I think it is a long time since they used the propex heater :roll: but I am betting that Autosleepers will have some and if they do not have any they will tell you where to get it. They are very helpful to AS owners...give them a call 01386 853338 and ask for the spares dept. They do mail order.....while you are at it make sure that there is nothing else you need ...only pay one postage then :wink: 

Mike


----------



## 89358 (May 20, 2005)

Just rang Autosleepers, who put me in contact with Propex direct:
Tel: 02380 528555
Cost of pipe £8.71 per metre including P&P in the post today.

Can everyone else with this type of aluminium pipe check theirs, as the potential consequences of using the heater with the exhaust gases on the inside of the van could be fatal. It was only by chance I found the fault on our van, which neither the dealer or the Habitation check had spotted.


----------



## 88905 (May 10, 2005)

Which poses the question. "Do you know what they claim to do on a habitation check and would you expect them to actually check that pipe. It was, after all, behind a cupboard panel.

nobby


----------



## Scotjimland (May 23, 2005)

nobby said:


> "Do you know what they claim to do on a habitation check and would you expect them to actually check that pipe. It was, after all, behind a cupboard panel


If a habitation service doesn't pick up flue gasses escaping into the van it only reinforces my belief that it's not worth a 'light' .. :roll:


----------



## 89358 (May 20, 2005)

Section 8g under Gas systems states:

"Flues: Flues should be examined for security of fixingand for correct attachment to appliances and flue terminals. They should be free from damage and corrosion. Check for leakage of gases into the vehicle."
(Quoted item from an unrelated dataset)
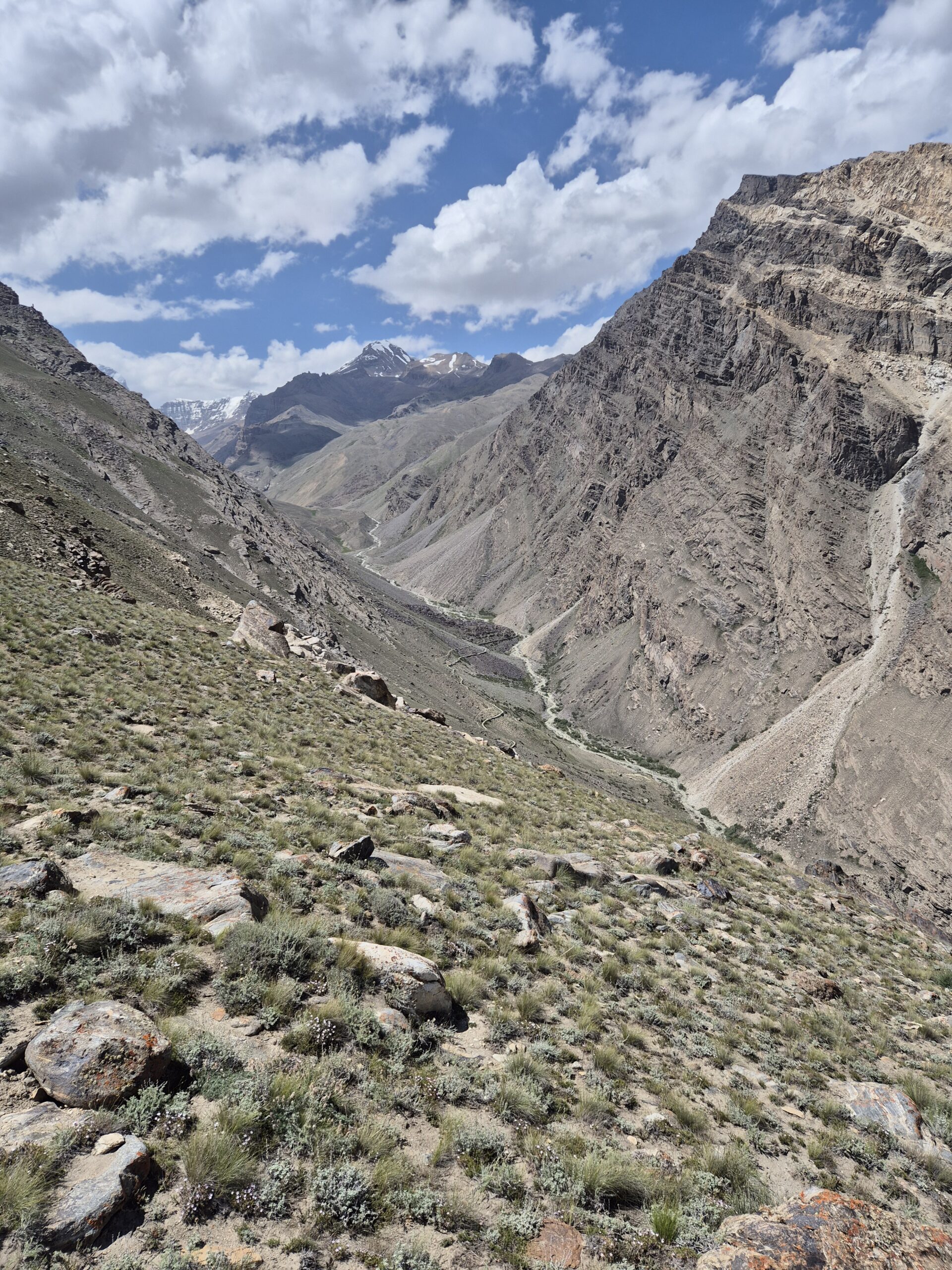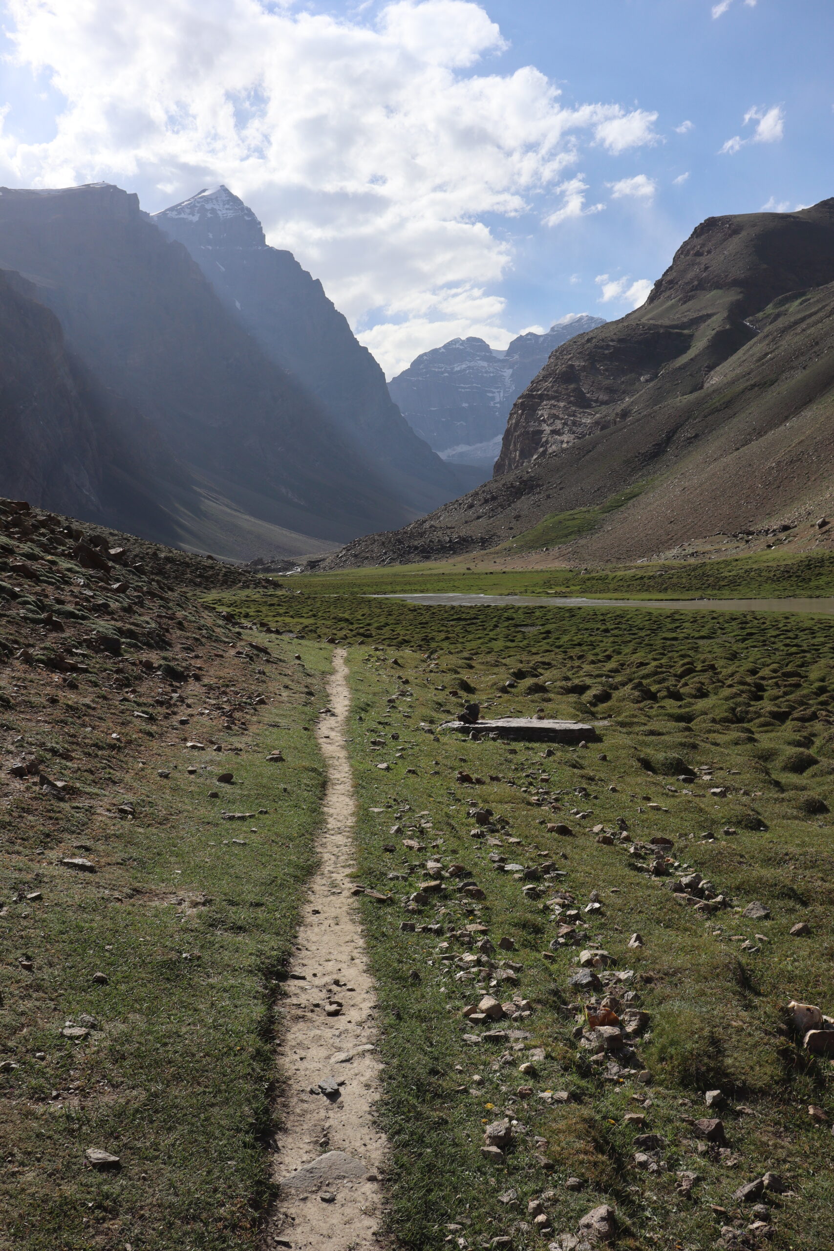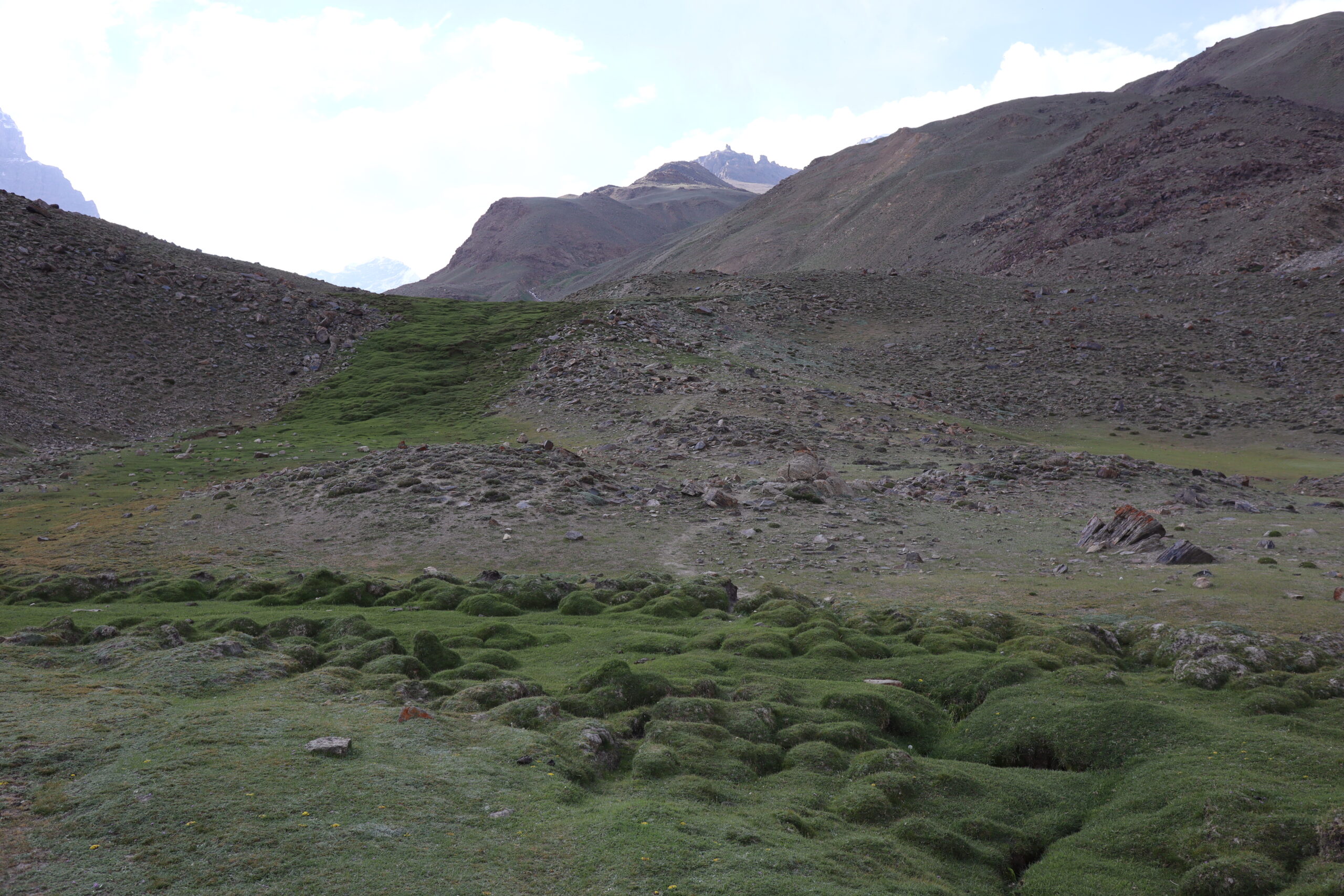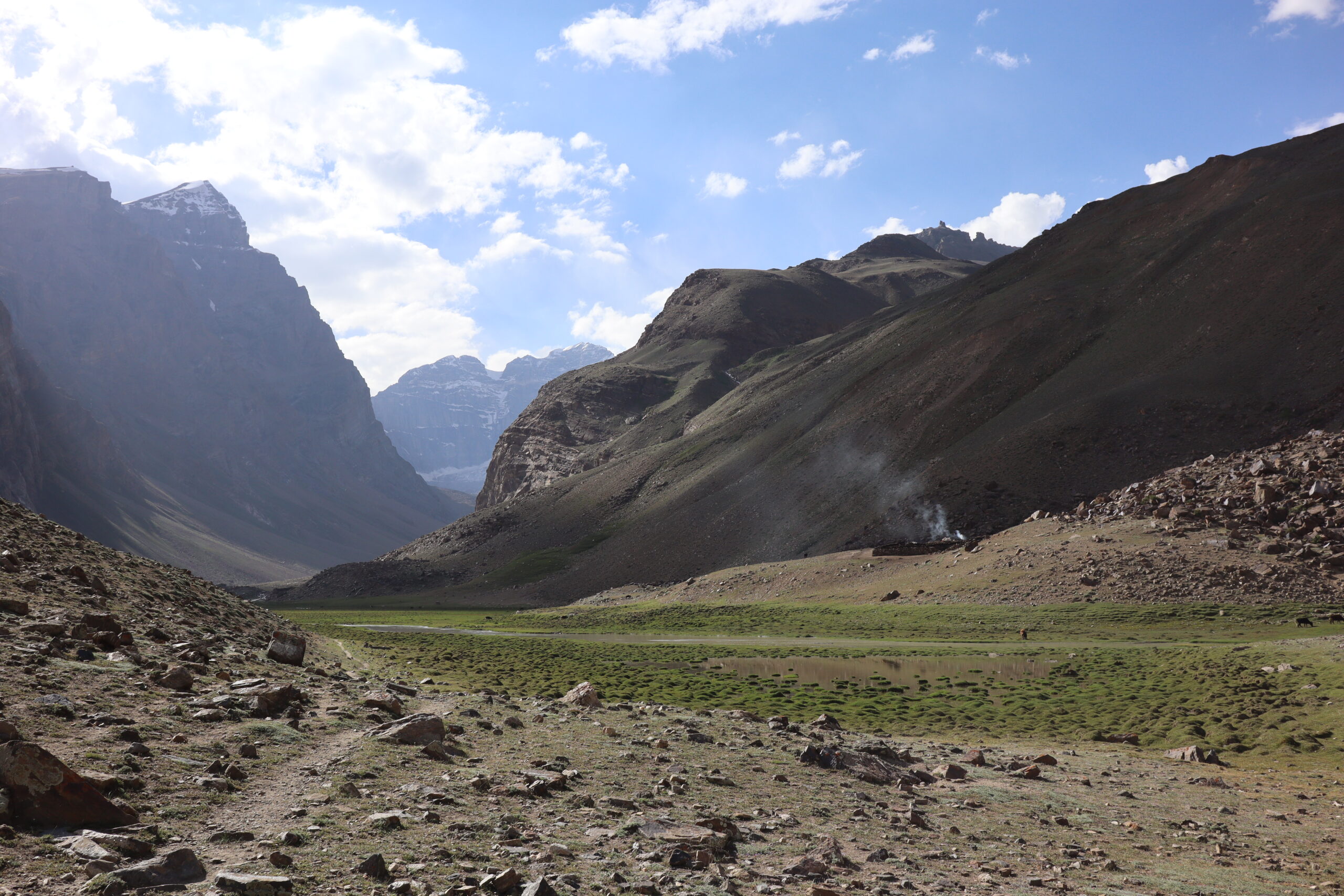 Von Kalaikhum brachen wir am Morgen des 16.07.2025 in Richtung Bartang Valley auf. Über die nächsten 200 Kilometer ging es immer weiter stetig bergauf, von 1200 auf grob 2400 Höhenmeter. Unser Ziel des zweiten Tages entlang des Pamir Highway war es, das abgelegene Dorf Jizeu zu erreichen. Die Stimmung im Auto war gut und auch unser Fahrer Nurik hatte seinen Spaß, als wir anfingen unsere Lieblingsmusik zu rotieren und die Straßen sich von Asphalt zu Schotter wandelten. Gegen Nachmittag erreichten wir eine aus Stahlseilen und Brettern gezimmerte Brücke. Dort hielt Nurik an. Nur die nötigsten Sachen wie Wasser, ein wenig zu Essen, eine Zahnbürste und die Kamera mitnehmend, machten wir uns zu viert über die wackelige Brücke und einem Flusslauf entlang, den schmalen Pfad den Talrücken hinauf, zum Dorf auf. Zwei Stunden sollte die kleine Wanderung dauern. Wir brauchten etwas länger, da Sissi an einer Lebensmittelvergiftung litt und wir einige Stopps einlegen mussten, damit sie sich regenerieren konnte. Trotz der Stopps, brach Sissi für sich das Abendteuer nach knapp einer Stunde ab und kehrte zurück zu Nurik, der nicht unweit der Brücke mit dem Auto zurückgeblieben war. Dem steinigen Pfad gen Süd-Osten in die Berge folgend, ging es nun etwas zügiger zu Dritt weiter. Den sprudelnden und reißenden Gebirgsfluss zu unserer Linken. Von allen Seiten waren wir von Steinen und Geröll umgeben, nur entlang des Flusses hatten sich Bäume und Gräser ansiedeln können. Immer weiter das Tal hinauf und schließlich dann doch durch grünere Vegetation, fürte uns der Pfad. Es dämmerte bereits, als wir Jizeu Village erreichten und herausfanden, warum es hier grüner war. Das kleine Dorf lag in der Mitte des Tals, am Rande eines klaren Sees, der türkis-blau schimmerte. Nach ein wenig Suchen fanden wir die für uns vorgesehene Unterkunft in einem aus Steinplatten gezimmerten Haus mit Flachdach. Während wir aufgefordert wurden uns auszuruhen und auf das Abendbrot zu warten, schnappte ich mir meine Kamera und erkundete das kleine tadschikische Bergdorf. Verfolgt von neugierigen Kinderblicken wurde mir plötzlich ein Volleyball zugeworfen, sodass ich die Zeit bis zur Fertigstellung des Essens damit verbrachte, den Ball den Kindern zuzuspielen. Wir hatten einen Heidenspaß und das Gelächter und Gekreische der Kinder hallte durch das Dorf. Erst als ein Erwachsener des Dorfes auftauchte und erklärte, dass das Abendbrot bereit stünde, konnte ich mich von der grinsenden und lachenden Meute loseisen. Das Essen war nichts außergewöhnliches, dennoch war ich überrascht, welche Essensvielfalt in einem so abgelegen Teil der Erde geboten wurde. Nüsse, Rosinen, Brot und eine derbe Suppe standen bereit. Trotz meiner aus Samarkand noch anhaltenden Lebensmitzelvergiftung verschlang ich alles, was ich als schmackhaft erachtete.

Not sure how anyone would achieve this without removing panels in Duetto or some other MHs we have owned.


----------



## 88905 (May 10, 2005)

Overdrive,
Section 8g of what, please.??

I did not realize that a habitation check was mandatory like an MOT on a MH!!.

How many people have a habitation check on their homes(houses) each year...Certainly not a thing I would ever contemplate.

nobby


----------



## 89358 (May 20, 2005)

Sorry Nobby

Section 8g of Habitation Check.

No it's not mandatory for a MH to have one as far as I know. But a sensible addition to any purchase or sale of a MH, and also peace of mind if you intend living in the van with gas and 240v appliances in use. I understand house sales these days can also require inspection certificates for gas and electrics prior to sale. 

I too would be interested to know how many people have one done each year or every other year.

p.s The aluminium hose arrived this morning from Propex as promised. Hopefully it will be dry enough at the weekend to fit them.


----------